WHAT NEEDS TO BE DONE
From the data underneath, reproduce exactly the stretch that begins at the line with "Poly Blackwire 3325" and ends after the line with "Deutsche Bank Securities".

Records contained in a dataset
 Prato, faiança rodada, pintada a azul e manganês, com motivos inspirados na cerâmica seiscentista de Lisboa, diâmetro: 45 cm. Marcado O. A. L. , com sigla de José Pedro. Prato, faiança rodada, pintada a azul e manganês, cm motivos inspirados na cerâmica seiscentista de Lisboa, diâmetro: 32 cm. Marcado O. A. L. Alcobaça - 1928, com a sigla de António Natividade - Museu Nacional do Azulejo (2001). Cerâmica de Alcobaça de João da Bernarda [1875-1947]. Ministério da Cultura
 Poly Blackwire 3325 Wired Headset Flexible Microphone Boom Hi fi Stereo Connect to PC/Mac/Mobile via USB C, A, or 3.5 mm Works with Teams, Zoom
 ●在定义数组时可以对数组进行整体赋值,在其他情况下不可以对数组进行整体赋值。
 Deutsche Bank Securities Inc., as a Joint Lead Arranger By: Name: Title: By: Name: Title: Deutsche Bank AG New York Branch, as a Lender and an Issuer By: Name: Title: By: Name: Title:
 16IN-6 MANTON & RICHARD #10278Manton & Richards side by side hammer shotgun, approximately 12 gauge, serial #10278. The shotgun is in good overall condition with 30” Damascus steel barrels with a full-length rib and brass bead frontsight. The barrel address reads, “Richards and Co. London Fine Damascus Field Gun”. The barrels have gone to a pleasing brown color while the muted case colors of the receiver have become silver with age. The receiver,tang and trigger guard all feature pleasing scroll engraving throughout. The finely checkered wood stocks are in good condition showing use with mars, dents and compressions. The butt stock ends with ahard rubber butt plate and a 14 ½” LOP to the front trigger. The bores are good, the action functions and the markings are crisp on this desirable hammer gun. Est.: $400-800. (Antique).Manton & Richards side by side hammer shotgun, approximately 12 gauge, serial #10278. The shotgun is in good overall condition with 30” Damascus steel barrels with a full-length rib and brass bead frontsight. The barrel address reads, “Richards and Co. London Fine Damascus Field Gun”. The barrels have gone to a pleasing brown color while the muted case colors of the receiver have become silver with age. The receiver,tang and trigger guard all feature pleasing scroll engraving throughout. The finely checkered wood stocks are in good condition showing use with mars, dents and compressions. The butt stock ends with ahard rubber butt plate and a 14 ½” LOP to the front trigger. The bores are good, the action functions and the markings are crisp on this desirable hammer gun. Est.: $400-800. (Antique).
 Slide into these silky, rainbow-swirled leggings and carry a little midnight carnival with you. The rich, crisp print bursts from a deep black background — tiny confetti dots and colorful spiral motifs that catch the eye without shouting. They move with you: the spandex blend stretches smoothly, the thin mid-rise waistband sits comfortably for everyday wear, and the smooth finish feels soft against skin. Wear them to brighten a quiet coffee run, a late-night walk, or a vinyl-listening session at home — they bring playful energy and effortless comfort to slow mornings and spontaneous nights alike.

ANSWER TO THIS TASK
 Poly Blackwire 3325 Wired Headset Flexible Microphone Boom Hi fi Stereo Connect to PC/Mac/Mobile via USB C, A, or 3.5 mm Works with Teams, Zoom
 ●在定义数组时可以对数组进行整体赋值,在其他情况下不可以对数组进行整体赋值。
 Deutsche Bank Securities Inc., as a Joint Lead Arranger By: Name: Title: By: Name: Title: Deutsche Bank AG New York Branch, as a Lender and an Issuer By: Name: Title: By: Name: Title:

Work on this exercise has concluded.